Всё, что рука твоя запечатлела,

всего лишь прах, и всё, что ты изрёк,

лишь прах. Не знает сожаленья

Рок, и ночь Творца не ведает предела.

Из времени сквозного ты возник.

И в нем ты каждый одинокий миг.

Сон

Нас учит ночь своим делам волшебным,

мы распускаем с нею ткань Вселенной,

бесчисленные сопряженья следствий

и их причин, которые таятся

во времени, чья бездна необъятна.

Ночь хочет, чтоб забыл ты этой ночью

свой род, и кровь, и родовое имя,

забыл слова и слёзы всех людей,

всё то, чему тебя учила явь,

весь мир обманный геометров — точку,

прямую, плоскость, куб и пирамиду,

цилиндр и сферу, океан и волны,

и собственную щёку на подушке,

и свежесть новой простыни, сады,

империи и цезарей, Шекспира,

то, что всего труднее — что любимо.

Смешно: невзрачная таблетка

может стереть весь мир и учредить хаос.

Слава

Видеть рост Буэнос-Айреса, его рост и упадок.

Вспоминать землистый двор и виноградник,

крыльцо и колодец.

Унаследовать английский,

домогаться англосаксонского.

Испытывать любовь к немецкому и тоску по латыни.

Беседовать в Палермо со старым убийцей.

Быть благодарным шахматам и жасмину,

тиграм и гекзаметру.

Читать Маседонио Фернандеса[11] его голосом.

Познать знаменитые сомнения,

коими является метафизика.

Прославлять клинки и разумно желать мира.

Не зариться на острова.

Не покидать домашнюю библиотеку.

Быть Алонсо Кихано

и не решиться стать Дон Кихотом.

Объяснять то, чего не знаешь,

тем, кто узнает больше тебя.

Радоваться дарам луны и Поля Верлена.

Правильно соткать какой-нибудь восьмисложник.

Снова рассказывать те же старинные истории.

Упорядочить на диалекте наших дней

пять-шесть метафор.

Избежать подкупов.

Быть гражданином Женевы, Монтевидео,

Остина и — подобно всем людям — Рима.

Боготворить Конрада.

Быть тем, что никем неопределимо, — аргентинцем.

Быть слепым.

Не столь уж диковинные вещи, но вместе — они

наделяют меня славой,

которую я никак не могу уяснить.

Нить жизни

В каком из моих городов я умру?

В Женеве, где я сподобился откровения

не столько Кальвина, сколько Вергилия

и Тацита?

В Монтевидео, где Луис Мелиан Лафинур[12],

ослепший и обременённый летами, скончался

среди документов,

готовясь написать беспристрастную

историю Уругвая, которую так никогда и не написал?

В Наре, где на японском постоялом дворе

я спал на полу и увидел во сне ужасную

фигуру Будды, которую я тронул, но никогда не

видел?

В Буэнос-Айресе, где я почти что

чужак, учитывая мои немалые годы и то,

что взяли привычку брать у меня

автографы?

В техасском Остине, где мы с матерью

осенью 1961 года открыли Америку?..

Другие узнают об этом и позабудут.

На каком языке мне придётся умереть?

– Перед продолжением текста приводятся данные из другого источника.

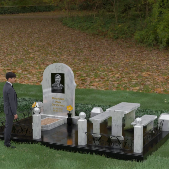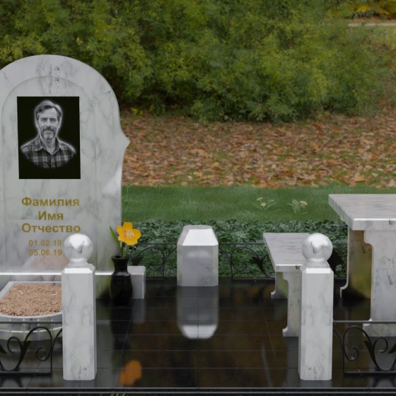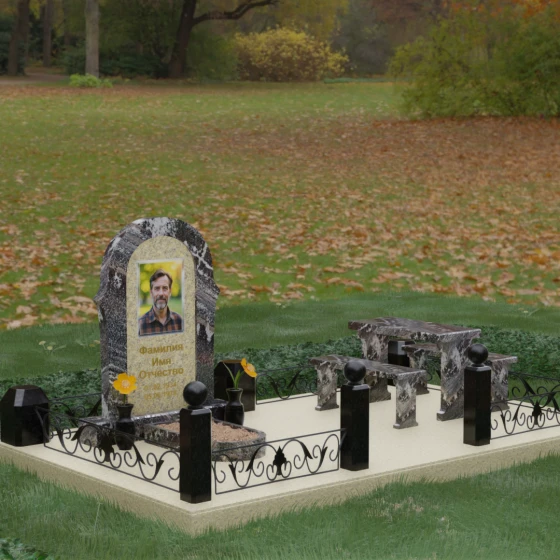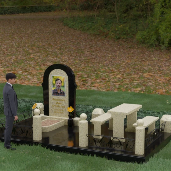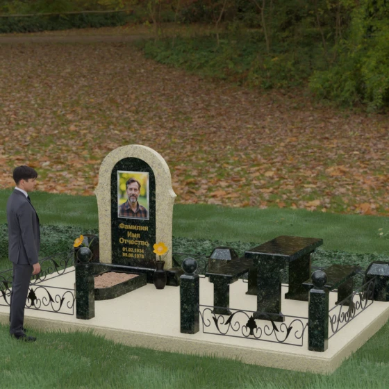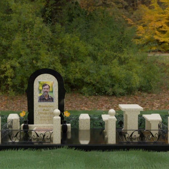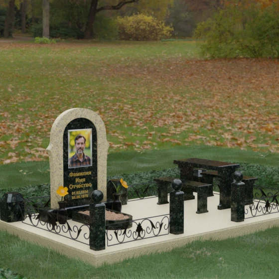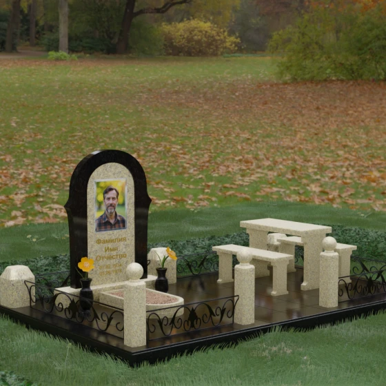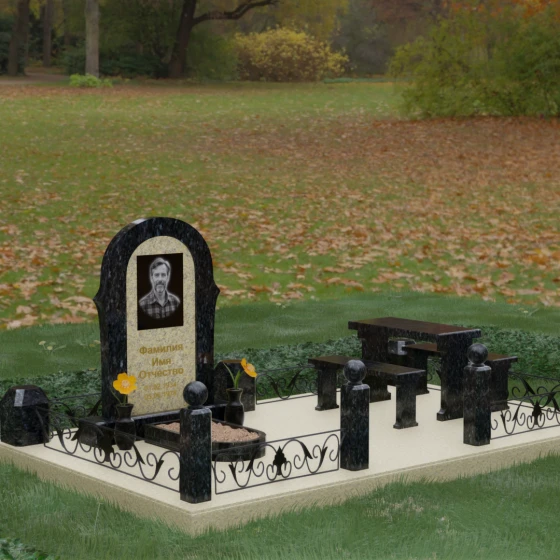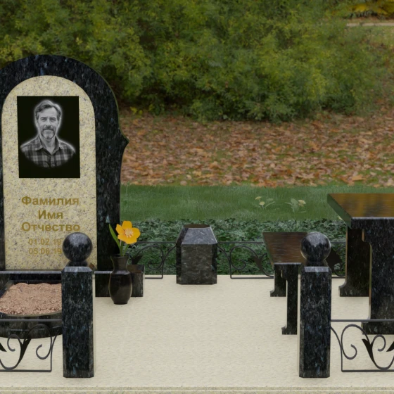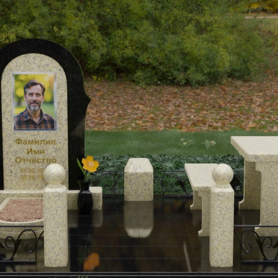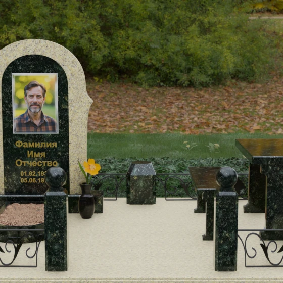 Фактурное исполнение монумента строится на игре контрастов. Зеркальная, глубокая полировка темного гранита, в которой отражается окружающий мир, соседствует со светлыми матовыми элементами обрамления. Идеально ровные поверхности свидетельствуют о высочайшем качестве обработки камня: каждая грань доведена до совершенства, что обеспечивает не только визуальный магнетизм, но и долговечность. Благоустройство участка выполнено в едином ансамбле: вместо открытого грунта используется полное мощение плитами из натурального камня, что придает месту захоронения завершенный, благородный вид и значительно упрощает уход. Периметр обозначен строгим цоколем с массивными столбиками, увенчанными каменными шарами — символами гармонии и завершенности жизненного пути. В состав композиции также входят лаконичный стол и скамьи на фигурных ножках, создающие пространство для уединенного общения с душой ушедшего.

На

испанском, который мои предки использовали для

команд при атаке или

при игре в карты?

На английском — той Библии, которую моя

бабушка читала, стоя лицом к пустыне?

Другие узнают об этом и позабудут.

В котором часу?

В рассветных сумерках голубя, когда нет ещё

никаких тонов, или в вечерних сумерках ворона,

когда ночь упрощает и расточает видимое,

или в банальные

два часа пополудни?[13]

Другие узнают об этом и позабудут.

Эти вопросы — не от

страха, а от нетерпеливой надежды.

Они часть рокового сюжета следствий и

причин, которые никто из людей не может предсказать,

да и боги — вряд ли.

Борхеизмы

Аборт. Говорят, аборт убивает будущего Шекспира. Так ведь и Макбета.

Автографы. Я надписал столько своих книг, что в день моей смерти та, что не надписана, станет бесценной.

Ангелы. Журналисты взяли за обыкновение спрашивать: “Каково ваше послание?” Я им отвечаю, никакого послания у меня нет, послания свойственны ангелам, ангел ведь по-гречески значит посланец, а я никакой не ангел.

Бессонница. Недавно я никак не мог заснуть и стал подсчитывать количество стран. Дошёл до девятнадцатой и уснул.

Бестселлеры. В мою пору не было бестселлеров, и поэтому мы не могли предлагать себя публике. Не нашлось бы тех, кто на нас позарился бы.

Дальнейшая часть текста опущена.